Que cette polysémie, cette confusion du sens et des sens soit des exercices périlleux, c’est ce que nous rappelle la très impressionnante section consacrée à l’art brut et aux plus belles feuilles (Allemagne oblige) de la collection du docteur Prinzhorn, récemment réinstallée à l’université d’Heidelberg. Le visage-nuage et les visages-paysages des malades nous rappellent, si besoin était, que la paranoïa, même si elle est la marque, selon Lacan lui-même, du style, peut être un chemin sans retour.
Dali lui-même, avec L’Énigme sans fin, est bien conscient des dangers du procédé. Suivant de peu La Métamorphose de Narcisse (Tate Gallery) qui signale, comme son titre l’indique, le passage du regard paranoïaque, narcissique par excellence au regard adulte, sous le signe de sa muse Gala,
L’Énigme sans fin sonne paradoxalement la fin d’une époque.

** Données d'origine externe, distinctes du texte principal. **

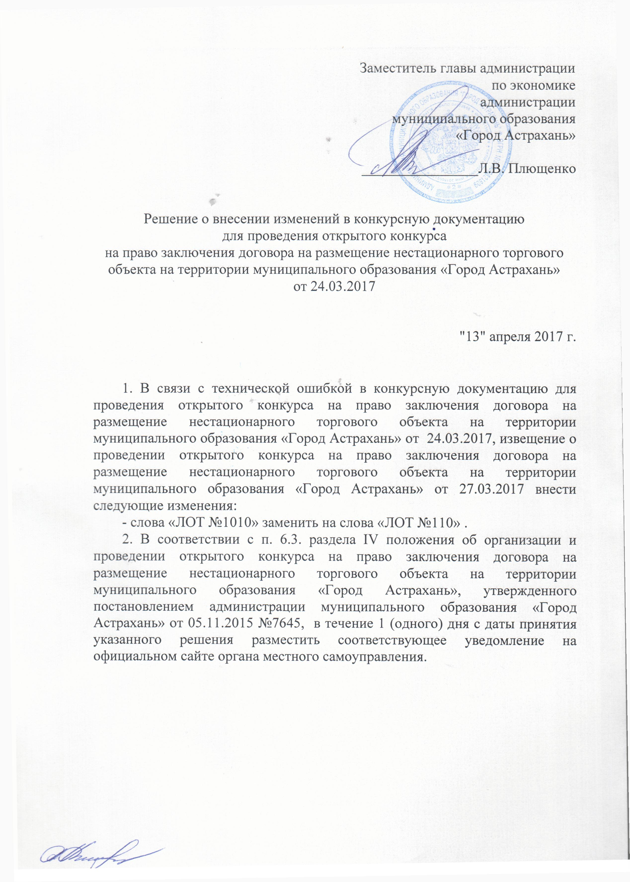 Главная » Решение от 13.04.2017 о внесении изменений в конкурсную документацию для проведения открытого конкурса на право заключения договора на размещение нестационарного торгового объекта на территории муниципального образования «Город Астрахань» от 24.03.2017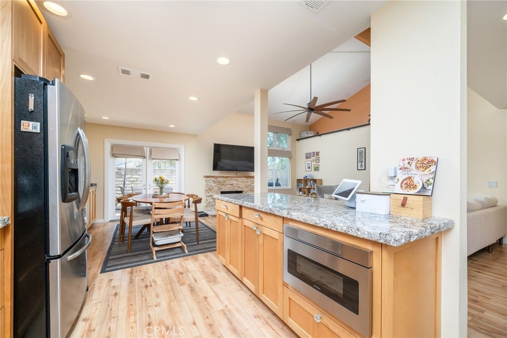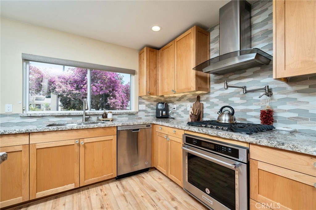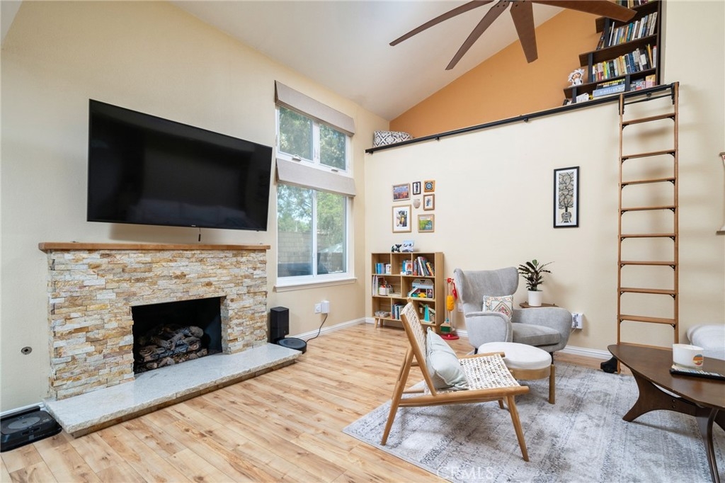 Welcome to 2627 Mangrove Way, a beautifully upgraded single-story end-unit located in the highly desirable Hawarden Hills/Victoria Greenbelt area of Riverside, within the sought-after community of "The Trees." From top to bottom, this home has been thoughtfully updated with exceptional quality and design, making it feel like new. Step inside and fall in love with the soaring vaulted ceilings, stunning LAMB WOOD flooring, and a BIG living room featuring a stone-accented fireplace and custom wood mantle—perfect for entertaining or relaxing in comfort. The gourmet kitchen is a standout with its chiseled-edge granite countertops, custom Alderwood cabinetry, soft-close drawers, built- in stainless steel appliances, and a pantry with pull-out shelving. Every detail was carefully selected to offer both style and functionality. The spacious layout includes a great room connecting the kitchen, dining area and large living room, a great space to entertain. A fun feature in the living room is a reading nook located above the living space with access by a custom ladder- a great space to read or take a nap. The primary suite offers a tranquil retreat with 2 custom sliding barn doors enclosing the two closets with efficient organizers, an oversized wood ceiling fan and a spa-like en-suite bathroom. There are two luxurious bathrooms that showcase granite countertops, designer tile work, walk in showers with glass doors and elegant finishes you’ll truly appreciate. Enjoy energy-efficient vinyl windows, upgraded ceiling fans, and recessed lighting throughout. The inviting front porch is perfect for evening chats with neighbors, while the large, private rear patio is ideal for BBQs, morning coffee, or peaceful evenings outdoors. A gate from the patio leads directly to the lush greenbelt. The finished two-car attached garage is the ultimate man cave—complete with built-in cabinetry, epoxy floors, extra storage, laundry area, brand new water heater and room to watch the big game in style. The community offers a sparkling pool, spa, comment RV parking and a spacious event area—perfect for family gatherings just steps from your door. Located within walking distance to top-rated schools including Poly High School and Gage Middle School, this home truly has it all. Don’t miss your opportunity to own a turnkey home in one of Riverside’s premier neighborhoods.

À droite du tableau (qui n’a droit à aucun commentaire dans le catalogue), se distingue, le demi-visage de Gala, dont l’œil exorbité signale le retour à l’ordre du regard. Dans le catalogue de l’exposition de Julien Lévy, Dali avoue pour la première fois son allégeance à Vinci et Archimboldo et se range dans une histoire de l’art qui cautionne d’autant mieux son retour au classicisme. L’inconscient livre ici sa dernière bataille contre la forme. Au centre du chaos labyrinthique d’Énigme sans fin, Dali tue son Minotaure et s’échappe grâce à sa nouvelle Ariane, vers un monde classique de carton sous le signe de Vermeer, de Raphaël et de Palladio.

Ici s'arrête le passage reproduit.